2. An imaging device for shooting a subject to generate picture content and transmitting the picture content to an external device, the imaging device comprising:

an imaging unit which shoots the subject and converts the obtained subject image to a video signal;

a content storage unit which stores the video signal as picture content in encoded stream format;

a display section which playbacks and displays the picture content;

a communication module section which transmits the picture content to the external device through the Internet;

a power supply identification section which determines whether a drive power supply is a battery or an AC power supply; and

a remaining battery power value acquisition section which acquires a current remaining battery power value P and comparing the acquired value against a predetermined value P0 when a battery is employed as the drive power supply;

wherein, when the current remaining battery power value P is less than the predetermined value P0, an operation for the picture content transmission by the communication module section is interrupted.

3. The imaging device according to claim 2,

wherein, when the transmission operation by the communication module section is to be interrupted, the display section displays information indicating that the transmission operation will be interrupted due to the insufficiency of remaining battery power.
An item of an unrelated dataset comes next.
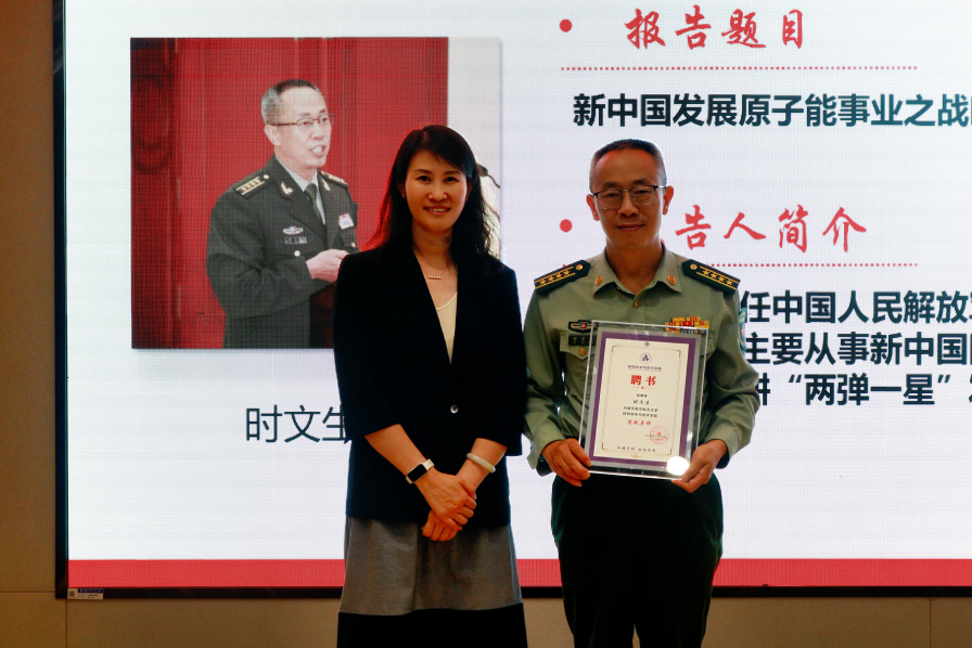 时文生主要从事新中国国防科技和武器装备史研究,深耕“两弹一星”发展史领域。课前,庄晓舒为时文生颁发“材料科学与技术学院思政导师”聘书。

4. The imaging device according to claim 2, further comprising an interruption information storage section which stores the information about an interruption point of content to be interrupted when the transmission operation by the communication module section is to be interrupted.

5. The imaging device according to claim 4,

wherein, when the information about interrupted content is stored in the interruption information storage section, the display section indicates the presence of the interrupted content; and

wherein the communication module section resumes the transmission of the interrupted content from the interruption point.
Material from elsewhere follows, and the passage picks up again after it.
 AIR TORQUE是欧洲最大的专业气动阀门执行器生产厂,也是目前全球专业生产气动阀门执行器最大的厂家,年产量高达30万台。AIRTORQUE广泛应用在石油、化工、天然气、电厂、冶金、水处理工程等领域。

6. An imaging device for shooting a subject to generate picture content and transmitting the picture content to an external device, the imaging device comprising:

an imaging unit which shoots the subject and converts the obtained subject image to a video signal;

a content storage unit which stores the video signal as picture content in encoded stream format;

a display section which playbacks and displays the picture content;

a communication module section which transmits the picture content to the external device through the Internet;

a power supply identification section which determines whether a drive power supply is a battery or an AC power supply; and

a remaining battery power value prediction section which, when a battery is employed as the drive power supply, predicts a remaining battery power value P′ prevailing upon completion of the picture content transmission and compares the predicted remaining battery power value P′ against a predetermined value P0 before the beginning of the picture content transmission;

wherein, when the predicted remaining battery power value P′ is less than the predetermined value P0, the display section displays information indicating that the remaining battery power is not sufficient for transmission completion.

7. The imaging device according to claim 6, wherein, when the predicted remaining battery power value P′ is less than the predetermined value P0, the display section displays the predicted remaining battery power value P′ and information prompting for connection to the AC power supply.